Choose Hegel as well when you want imperative generator code that still shrinks coherently. The official #[hegel::composite] docs explicitly bless feeding one draw into subsequent draws, and the this is exactly how the Hegel versions of the porcupine history generators are expressed. In Rust terms, Hegel feels most at home when your generator wants to read like straight-line business logic with branches, helper calls, local calculations, and late assumptions.
Choose proptest when the input object is a value, not an interaction. That includes algebraic laws over finished histories, finished operation vectors, transformations over timestamps, partitioning rules, and cross-checks over pure model functions. It also includes cases where you want generators to be exported as reusable functions, composed through prop_map, prop_flat_map, prop_oneof!, and prop_compose!, and reused across many tests. That pattern is heavily represented in porcupine-rust’s mirrored value-level properties, and the repository’s own comparison note says the two frameworks are effectively interchangeable there.
Choose proptest when execution economics or harness architecture matter more than the last ounce of stateful elegance. If you want the fastest edit-run loop, a pure-Rust dependency with no sidecar, stored regression seeds, and a state-machine API that explicitly separates model from SUT, Proptest is the better day-to-day engineering choice. That is why it's recommended for inner-loop CI work even while crediting Hegel for stronger stateful coverage.

The most useful general rule I can extract from porcupine-rust is this: proptest is strongest when generation is a specification artefact; Hegel is strongest when generation is part of the execution semantics of the property itself. That is why both libraries look equally capable on overlap-window generators, yet Hegel pulls ahead once the history is allowed to evolve under a live scheduler with per-prefix assertions. It is also why proptest remains the saner choice for fast, stable, repository-wide coverage over law-like properties.

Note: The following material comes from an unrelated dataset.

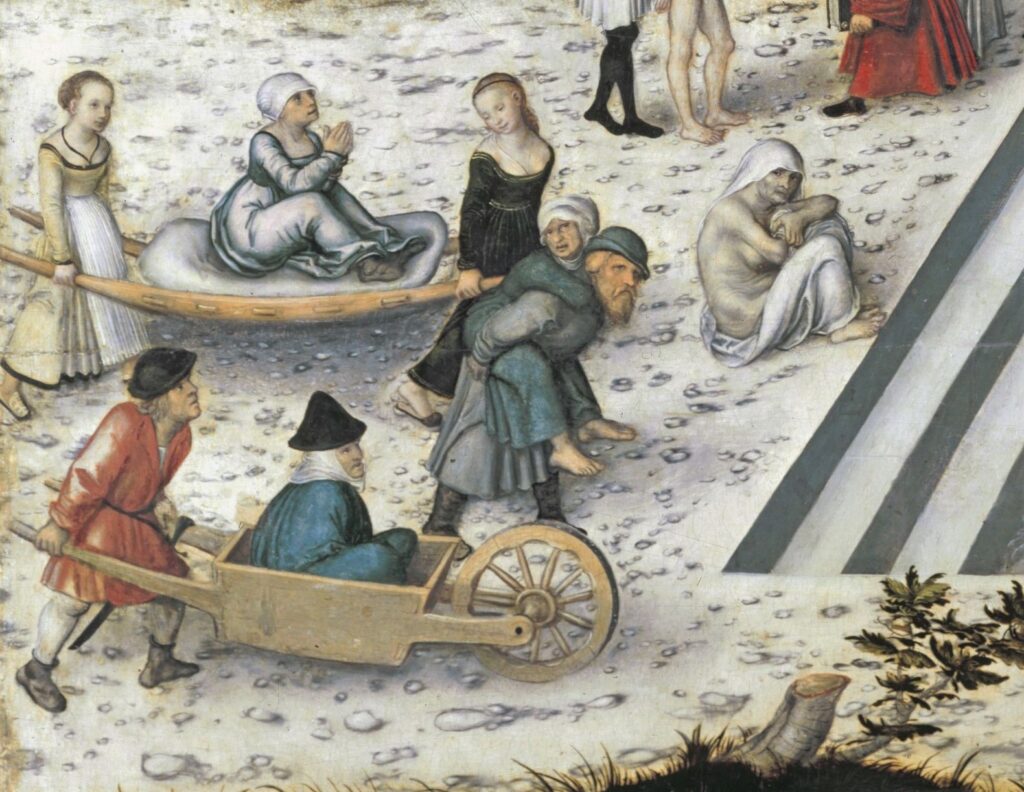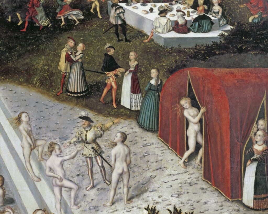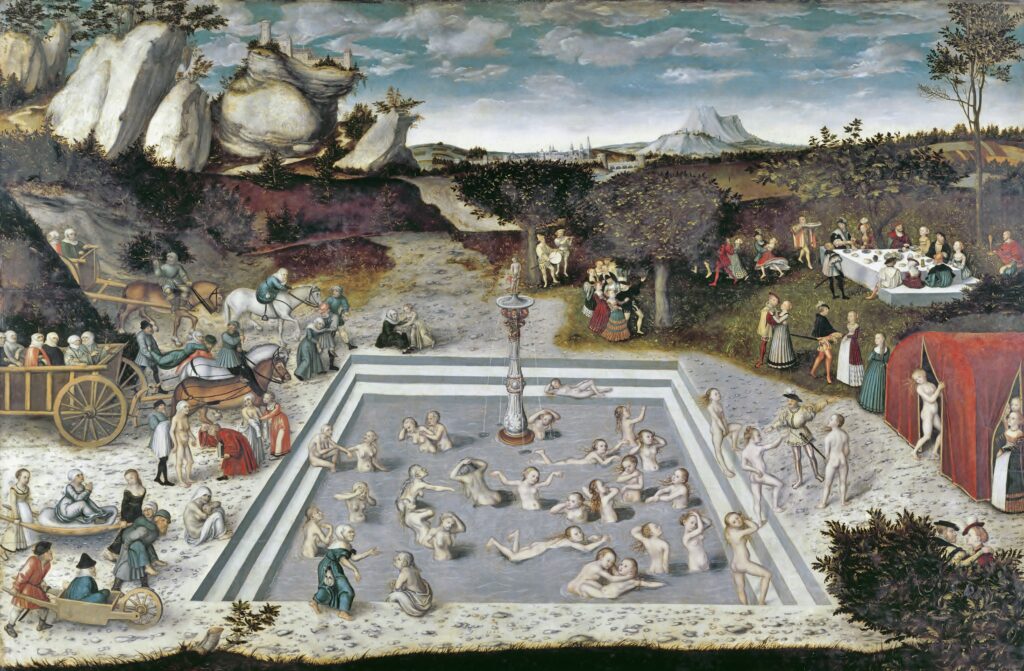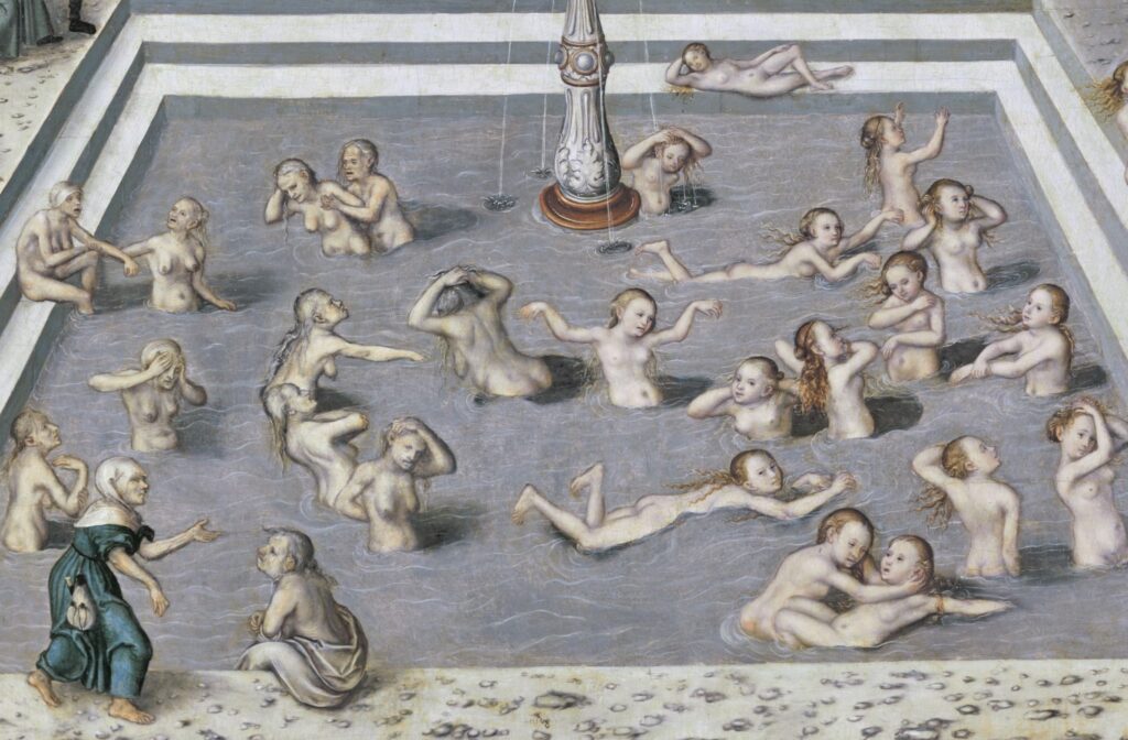 Die reinigende, heilende Wirkung des Wassers spielte auch in den Religionen seit jeher eine zentrale Rolle, insbesondere in den Taufriten, welche die innere Verwandlung und Läuterung der Täuflinge zum Ziel hatten. Das Gemälde von Cranach zeigt im Gegensatz dazu eine äussere Verwandlung: Alte Bürgerinnen, Adelsfrauen und Nonnen werden auf Wagen und Schubkarren zum Jungbrunnen gebracht, wo sie von Badepersonal betreut werden, bevor sie ins Wasser steigen, dessen verjüngende Kraft am eigenen Leib erleben und schön, frisch und gesund aus dem Bad steigen.

The right conclusion, then, is not that one library wins. The right conclusion is that porcupine-rust exposes two different testing geometries. For finished-history algebra, typed generator combinators, and cheap CI repetition, proptest is superb. For incremental history construction, stateful linearizability prefixes, and rule bodies whose random choices must remain entangled with current model state, Hegel is the more expressive instrument. In a repository that checks linearizability, partition independence, and nondeterministic model behaviour, appreciating the power of both is not compromise; it is architectural honesty.